• _Directions_:
Every line below is to be set down again exactly; any image stays out.

• _Data listing_:
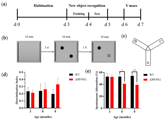 Cognitive function assessment of 3-, 6-, and 9-month-old WT and APP/PS1 mice (n = 8/group) (a) Schematic diagram of the experimental procedure for behavioral testing. (b) Diagram of New object recognition (NOR) testing. (c) Diagram of Y maze testing. (d) Discrimination index of NOR testing in 3-, 6-, and 9-month-old WT mice (black) and the same-month-old APP/PS1 mice (red). No significant change in the discrimination index was observed in either group of mice (n = 8 per group, per time-point). (e) Spontaneous alternation rate of Y maze testing in 3-, 6-, and 9-month-old WT mice (black) and the same-month-old APP/PS1 mice (red). n = 8 per group, per time-point. * p < 0.05, ** p < 0.01.
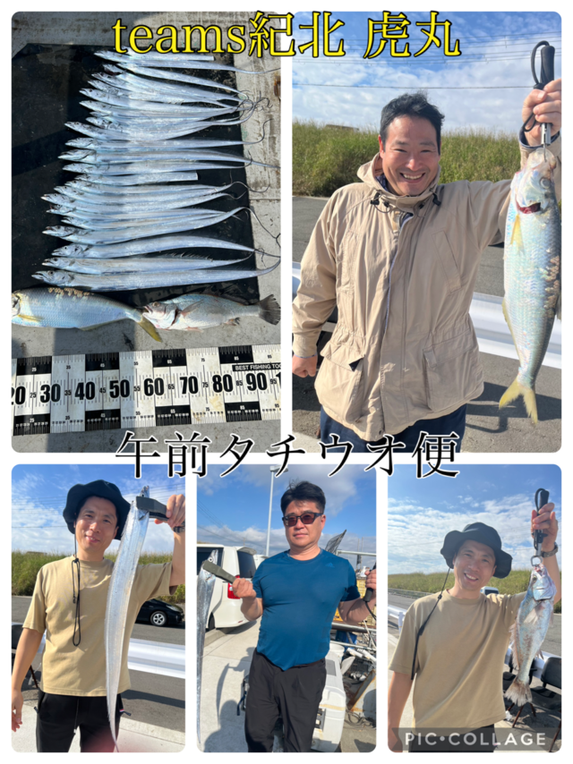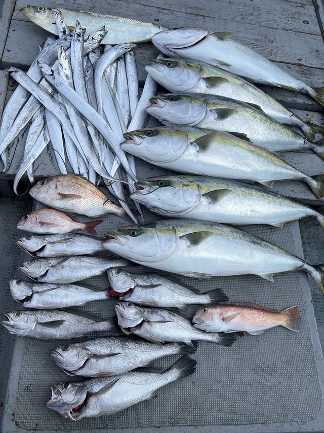 38~45cm 合計8匹 ブリ 82~87cm 合計6匹 タチウオ 70~90cm 合計20匹 マダイ 30~42cm 合計2匹 シロアマダイ 40cm 合計1匹 色々便でした。 まずは太刀魚へ。 バタバタとヒットしてくれて サイズも良型出てくれました。 クログチも混じり楽しめました。 青物は鰤が連発! 毎流しヒットあり連発もありました! 鰤好調です!!! タイラバは少し風が出てきてやりにくく 急遽甘鯛狙ってみようとのことで やってみました。 なかなか当たりなかったですが ラストに1発キャッチでした。 厳しい日が続いていましたが かなり回復してくれて楽しめました! 本日はありがとうございました! またお待ちしております!
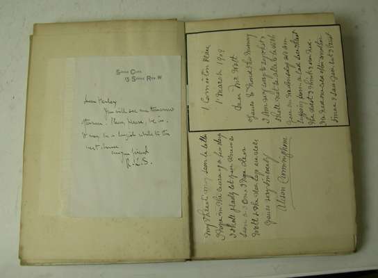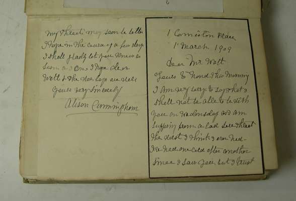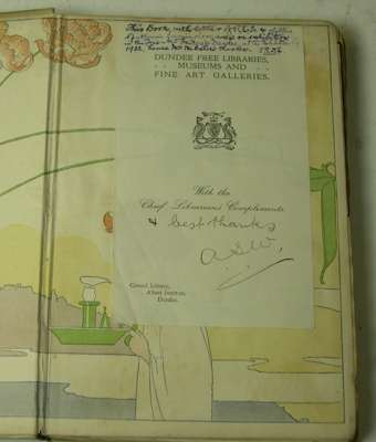 Tipped in at the beginning is a compliments slip from the Chief Librarian of Dundee Free Libraries, Museums and Fine Art Galleries stating that the book and the letters were exhibited in the Fine Art Galleries, Dundee, at the exhibition of 1932.
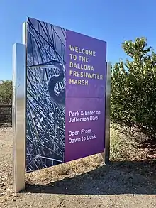 Ballona Freshwater Marsh (BFM) is a 26.1-acre (106,000 m2) marsh fed by water from the nearby Bluff Creek, a remnant of Centinela Creek. The freshwater marsh, located on the corner of Lincoln and Jefferson, was built in 2003 by the corporation that was building the adjacent Playa Vista neighborhood.[13]
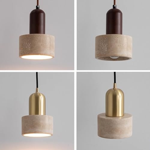 Material: Cylinder shape pendant light crafted from wood and travertine, stone, the shade with some natural hole, this vintage pendant lamp is sure to make a statement with its unique texture and design.
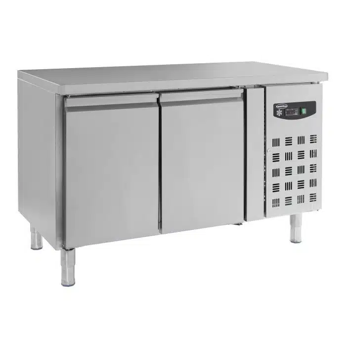 Deze budgetvriendelijke 2-deurs vrieswerkbank is de ideale oplossing voor horecagelegenheden die op zoek zijn naar betrouwbare vriesopslag en werkruimte en één betaalbare koeloplossing. Met een robuust roestvrijstalen ontwerp biedt deze vrieswerkbank niet alleen duurzaamheid maar ook een strak uiterlijk dat perfect past in elke professionele keuken. Achter stevige deuren biedt deze werkbank voldoende opslagcapaciteit. Het roestvrijstalen werkblad zorgt voor een hygiënisch en duurzaam werkoppervlak, ideaal voor dagelijks gebruik in een drukke keuken. Dankzij de verstelbare poten kunt u de werkbank eenvoudig op de gewenste hoogte instellen. Deze vrieswerkbank combineert functionaliteit met een scherp geprijsd budget, zonder in te leveren op kwaliteit of prestaties.
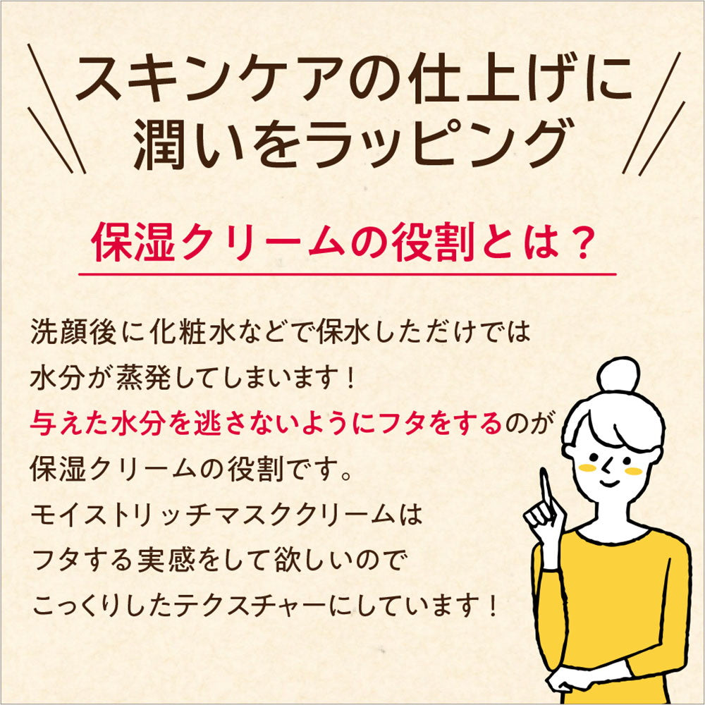 潤いをラッピングケア。朝夜のスキンケアの仕上げに、アイクリームに、厚めに塗ってクリームパックにも使用できます。

• _Task solution_:
 Cognitive function assessment of 3-, 6-, and 9-month-old WT and APP/PS1 mice (n = 8/group) (a) Schematic diagram of the experimental procedure for behavioral testing. (b) Diagram of New object recognition (NOR) testing. (c) Diagram of Y maze testing. (d) Discrimination index of NOR testing in 3-, 6-, and 9-month-old WT mice (black) and the same-month-old APP/PS1 mice (red). No significant change in the discrimination index was observed in either group of mice (n = 8 per group, per time-point). (e) Spontaneous alternation rate of Y maze testing in 3-, 6-, and 9-month-old WT mice (black) and the same-month-old APP/PS1 mice (red). n = 8 per group, per time-point. * p < 0.05, ** p < 0.01.
 38~45cm 合計8匹 ブリ 82~87cm 合計6匹 タチウオ 70~90cm 合計20匹 マダイ 30~42cm 合計2匹 シロアマダイ 40cm 合計1匹 色々便でした。 まずは太刀魚へ。 バタバタとヒットしてくれて サイズも良型出てくれました。 クログチも混じり楽しめました。 青物は鰤が連発! 毎流しヒットあり連発もありました! 鰤好調です!!! タイラバは少し風が出てきてやりにくく 急遽甘鯛狙ってみようとのことで やってみました。 なかなか当たりなかったですが ラストに1発キャッチでした。 厳しい日が続いていましたが かなり回復してくれて楽しめました! 本日はありがとうございました! またお待ちしております!
 Tipped in at the beginning is a compliments slip from the Chief Librarian of Dundee Free Libraries, Museums and Fine Art Galleries stating that the book and the letters were exhibited in the Fine Art Galleries, Dundee, at the exhibition of 1932.
 Ballona Freshwater Marsh (BFM) is a 26.1-acre (106,000 m2) marsh fed by water from the nearby Bluff Creek, a remnant of Centinela Creek. The freshwater marsh, located on the corner of Lincoln and Jefferson, was built in 2003 by the corporation that was building the adjacent Playa Vista neighborhood.[13]
 Material: Cylinder shape pendant light crafted from wood and travertine, stone, the shade with some natural hole, this vintage pendant lamp is sure to make a statement with its unique texture and design.
 Deze budgetvriendelijke 2-deurs vrieswerkbank is de ideale oplossing voor horecagelegenheden die op zoek zijn naar betrouwbare vriesopslag en werkruimte en één betaalbare koeloplossing. Met een robuust roestvrijstalen ontwerp biedt deze vrieswerkbank niet alleen duurzaamheid maar ook een strak uiterlijk dat perfect past in elke professionele keuken. Achter stevige deuren biedt deze werkbank voldoende opslagcapaciteit. Het roestvrijstalen werkblad zorgt voor een hygiënisch en duurzaam werkoppervlak, ideaal voor dagelijks gebruik in een drukke keuken. Dankzij de verstelbare poten kunt u de werkbank eenvoudig op de gewenste hoogte instellen. Deze vrieswerkbank combineert functionaliteit met een scherp geprijsd budget, zonder in te leveren op kwaliteit of prestaties.
 潤いをラッピングケア。朝夜のスキンケアの仕上げに、アイクリームに、厚めに塗ってクリームパックにも使用できます。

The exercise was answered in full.